2) The hope for any reform at all rests with the U.S. Senate’s new negotiating tag-team of Democrat Chris Dodd, chairman of the Banking committee, and Republican freshman Bob Corker. But Corker says the Volcker Rule isn’t going to be a “major topic” for discussion. And that is probably OK with much of the committee. As one banking industry lobbyist told me, “There is just not a lot of appetite among members of the minority or the majority to add [bank trading limits]. So I just don’t think you’re going to see it.”
3) Increasingly, the Volcker Rule looks more stunt than viable solution. Though Volcker had been pushing it for months, White House advocacy surprised both the Banking committee and banking industry. A poor way to introduce serious legislation in Washington. Lame-duck Dodd, who sees reform as his legacy, hears the clock ticking. A bill not passed by early summer is probably dead for the rest of this election year. His view: The Volcker Rule is a sudden and unwelcome complication.

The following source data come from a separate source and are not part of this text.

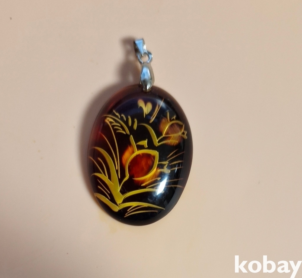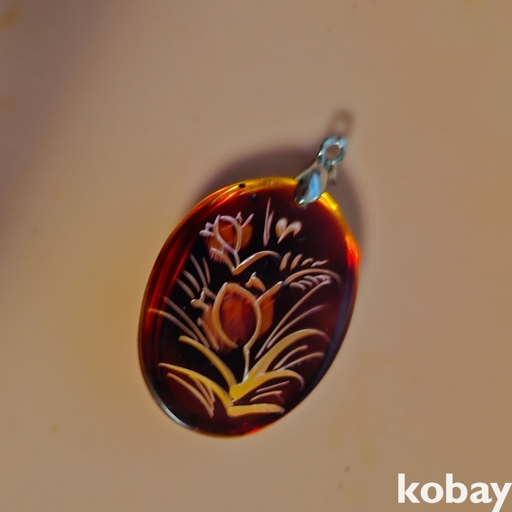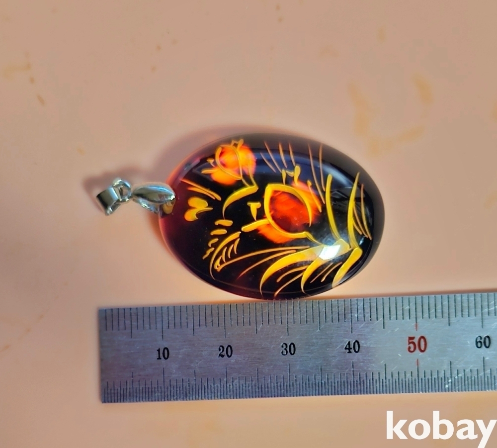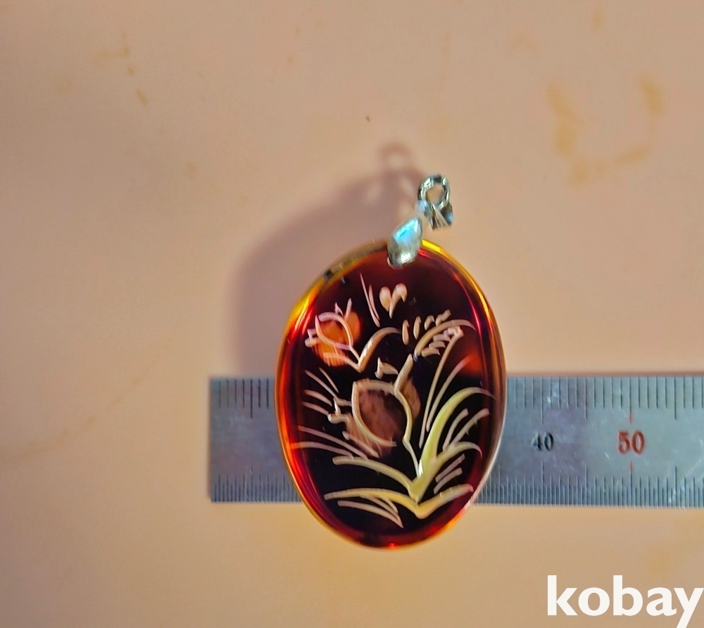 안쪽으로 조각을 해서 멋을 낸 합성호박 펜던트입니다.
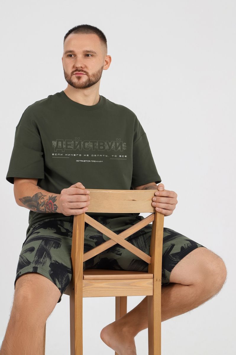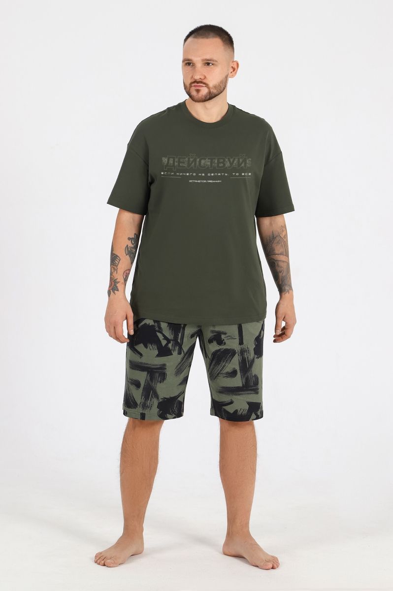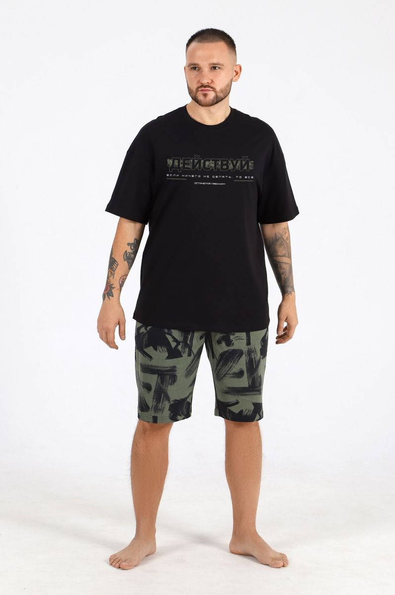 Костюм мужской из трикотажного полотна "кулирка", состоящий из футболки и шорт.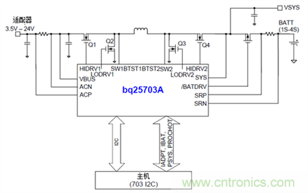 由于C型USB端口是通用的,且具有很高的功率傳輸能力,是適合此類應用的理想選擇。為了兼容具有不同電壓和功率電平的電源,諸如無人機這樣的多元電池組系統(tǒng)很有必要使用降壓升壓充電器。在飛行間隔期間,用戶能夠快速而安全地對電池進行充電也是至關重要的。bq25703A和bq25700A支持高達6.35A的充電電流,并具有廣泛的保護功能,包括有助于從各種適配器獲得最大功率的輸入電流優(yōu)化(ICO)。圖1提供了bq25703A應用圖中的附加信息。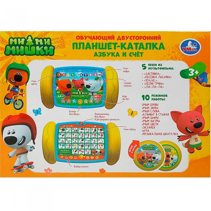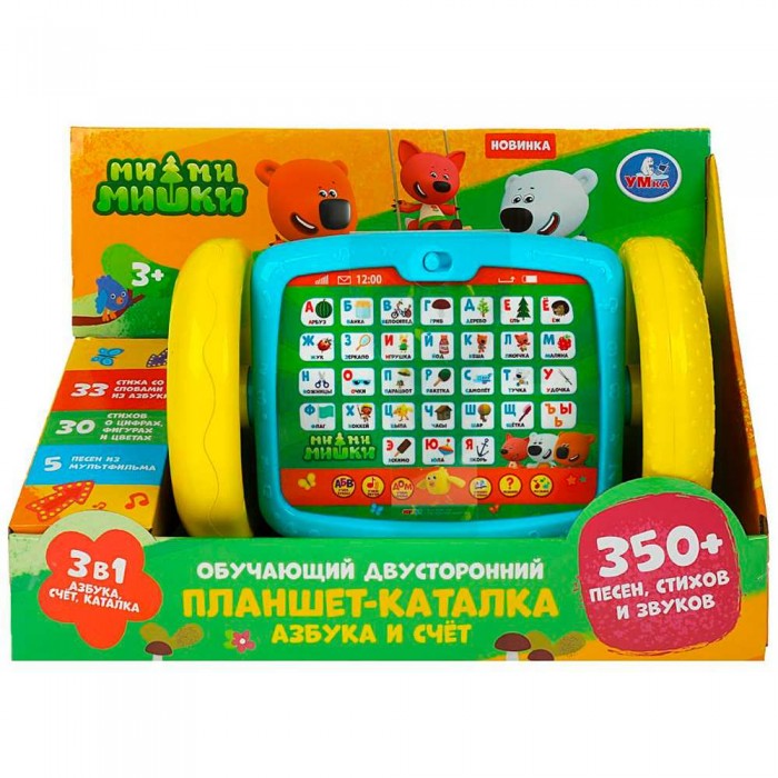 Размер упаковки: 34 х 14 х 24 см Размер изделия: 25 х 3 х 12 см Функционал: музыкальная игрушка Упаковка: картонная коробка открытого типа Страна обладатель бренда: Россия Материал: пластик, металл Комплектация: каталка - 1 шт. Возраст ребенка: от 1 года Обучающая, развивающая, многофункциональная музыкальная игрушка-планшет: - яркая расцветка; - 5 песен из м/ф; - 33 стихотворения со словами из азбуки; - 30 стихов о цифрах, фигурах и цветах; - 3 в 1: азбука, счёт и каталка; - 10 режимов работы; - переключатель «Вкл./Выкл.»; - колеса вращаются; - прочные безопасные материалы; - работает от 3 батареек ААА (в комплекте). Интерактивная игрушка учит пониманию причинно-следственной связи, помогает тренировать координацию движений, восприятие формы и цвета. Игрушка развивает: - зрительное восприятие; - мелкую моторику; - слух; - логику; - воображение.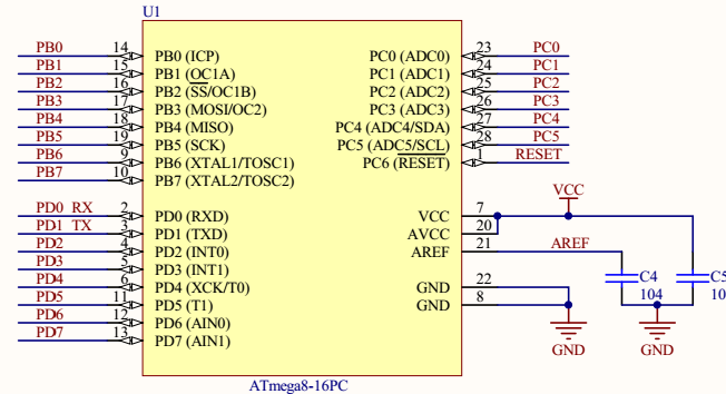 Chân AREF mình cho qua tụ 104 xuống GND.
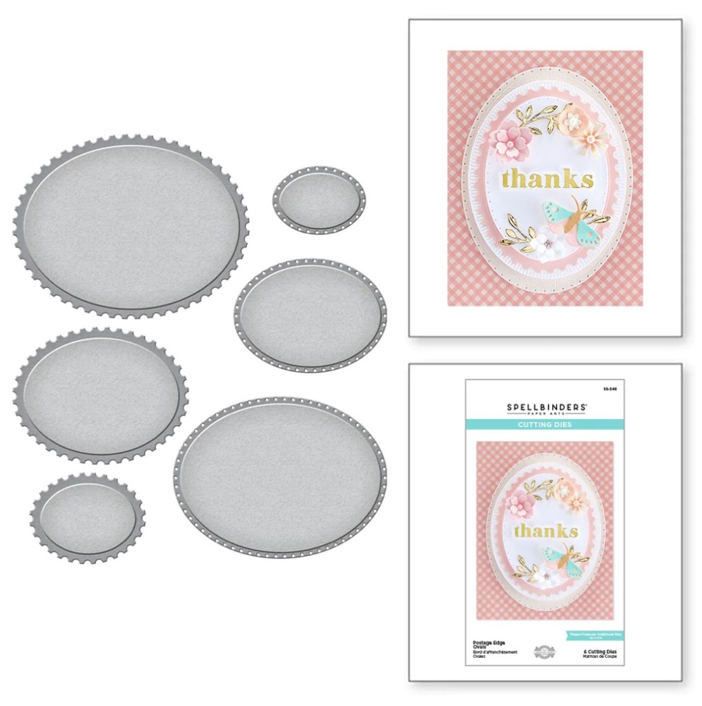 I used lavender cardstock and the new Embossing Folder of the month club to create the textured background. Then I layered all of the foiled die cut pieces with lots of foam, and adhered to an oval die cut from the Postage Edge dies collection.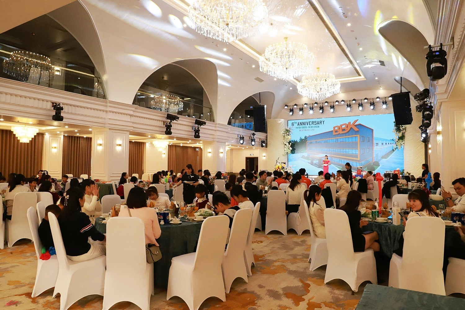 비케이전자 베트남법인 BBK가 어느덧 창립 6주년을 맞이하였습니다. 그 동안의 땀방울을 서로 격려하고 더 큰 내일을 약속하기 위해 특별한 행사를 진행했는데요. 다양한 경품과 이벤트, 맛있는 음식, 감동적인 포상까지 함께 한 창립기념일 행사 현장이었습니다. 마지막 단체 사진에서 모두 모여 가장 환하게 웃으며 마무리했습니다.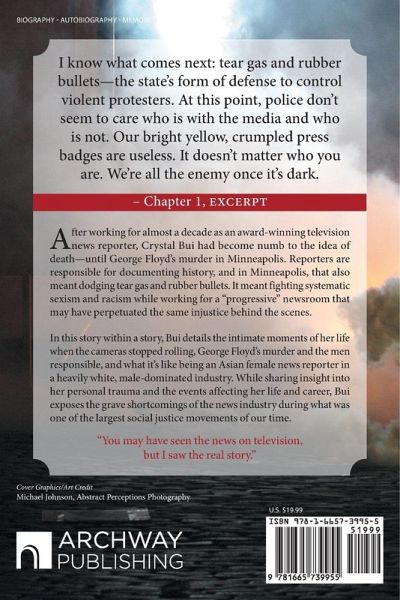 After working for almost a decade as an award-winning television news reporter, Crystal Bui had become numb to the idea of death-until George Floyd's murder in Minneapolis. Reporters are responsible for documenting history, and in Minneapolis, that also meant dodging tear gas and rubber bullets. It meant fighting systematic sexism and racism while working for a "progressive" newsroom that may have perpetuated the same injustice behind the scenes. In this story within a story, Bui details the intimate moments of her life when the cameras stopped rolling, George Floyd's murder and the men responsible, and what it's like being an Asian female news reporter in a heavily white, male-dominated industry. While sharing insight into her personal trauma and the events affecting her life and career, Bui exposes the grave shortcomings of the news industry during what was one of the largest social justice movements of our time.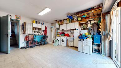 Proseguendo al piano seminterrato troviamo un ampio garage doppio con spazio sufficiente per due auto e comodo accesso, ideale anche come area di deposito.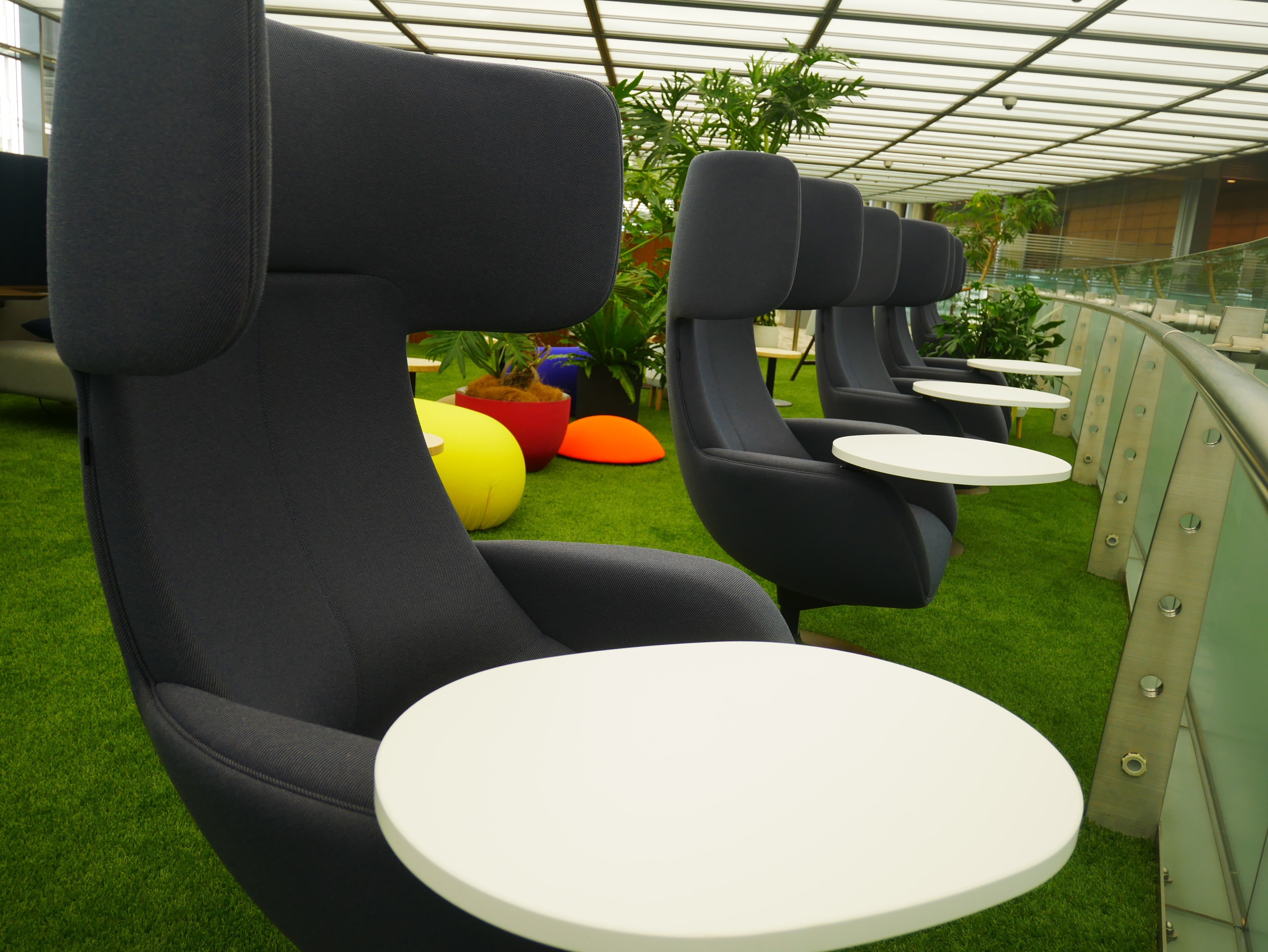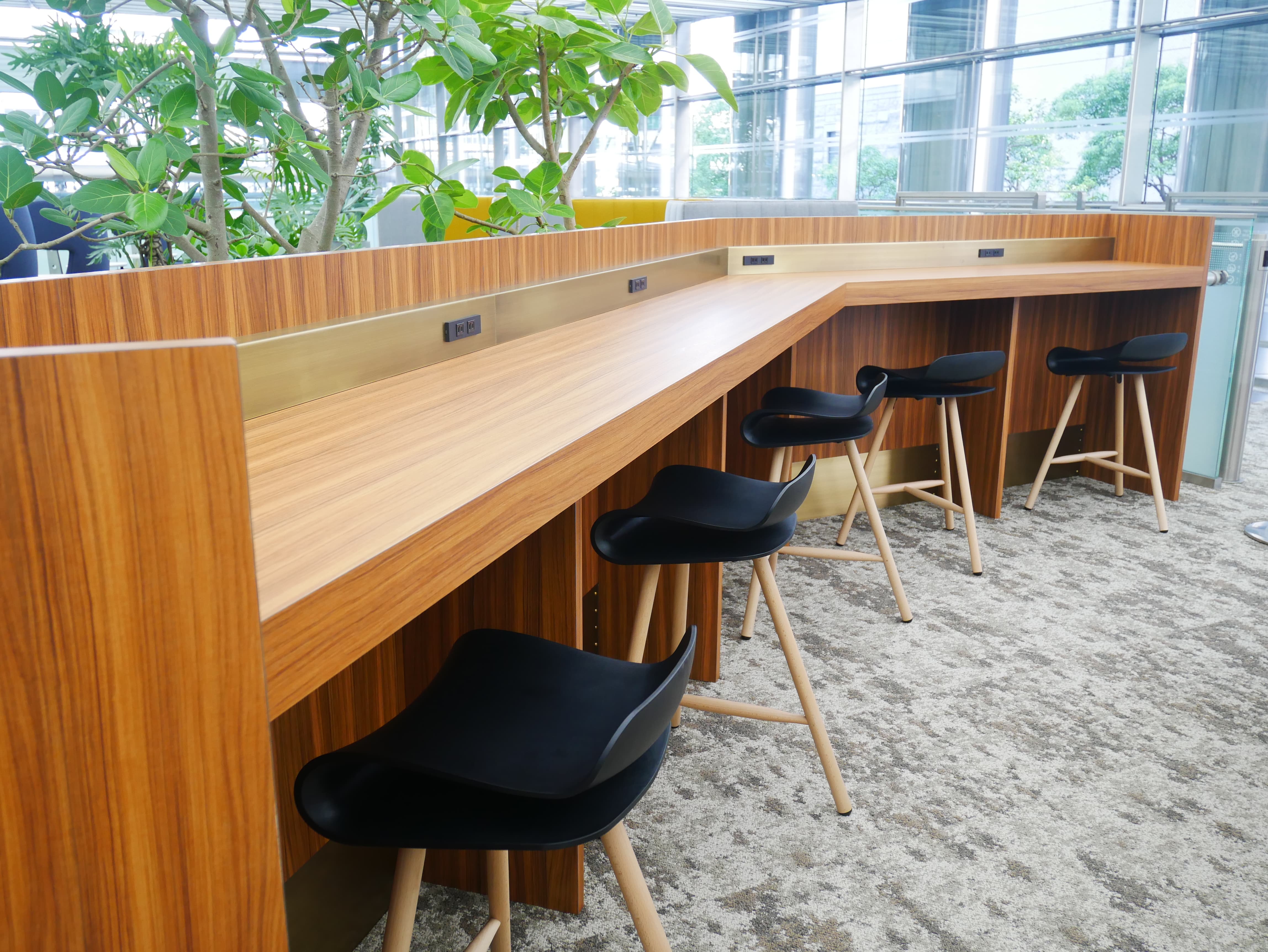 コンセント付き。植栽をふんだんに施し、リラックス効果も。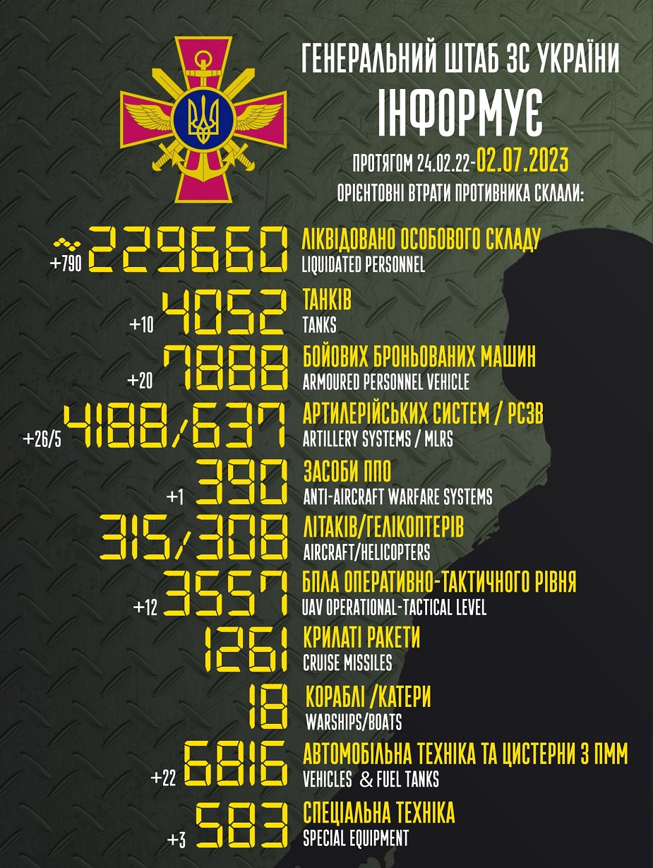 Так, загальні бойові втрати противника з 24.02.22 по 02.07.23 орієнтовно склали: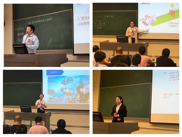 的解维同学,由国庆长假天气预报导入冷锋及其危害,语言幽默生动,极具亲和力;来自宿州学院的袁聪同学以动图、视频、图片等多样化素材,借助自制简易学具生动形象地展示山地形成过程,逻辑严谨,思路清晰;来自皖西学院的潘生娓同学以天灾人祸问题导入,从水资源现状说起,层层递进,剖析人水问题,引人深思……场上的每位选手皆沉着应对,积极表现,整体体现了安徽省高校地理师范生良好的精神面貌、扎实的教学基本功和较高的教学水平。

4) Cynics saw it as a populist, knee-jerk response to the loss of a Massachusetts U.S. Senate seat held by Democrats for more than a half century. Even some Volcker Rule advocates admitted the plan didn’t directly address the regulatory failures that contributed to America’s financial meltdown. And although the proposal was introduced in January with great fanfare by Obama – Volcker standing prominently at his side – Senate Democrats say the creation of a new consumer finance regulator is actually the issue the White House is spending political capital on.
5) It is a reality that highlights the Obama administration’s scant interest in more extreme measures to limit the size of the banking sector or its activities. And if Volcker did harbor any small doubts about that, he shouldn’t any more.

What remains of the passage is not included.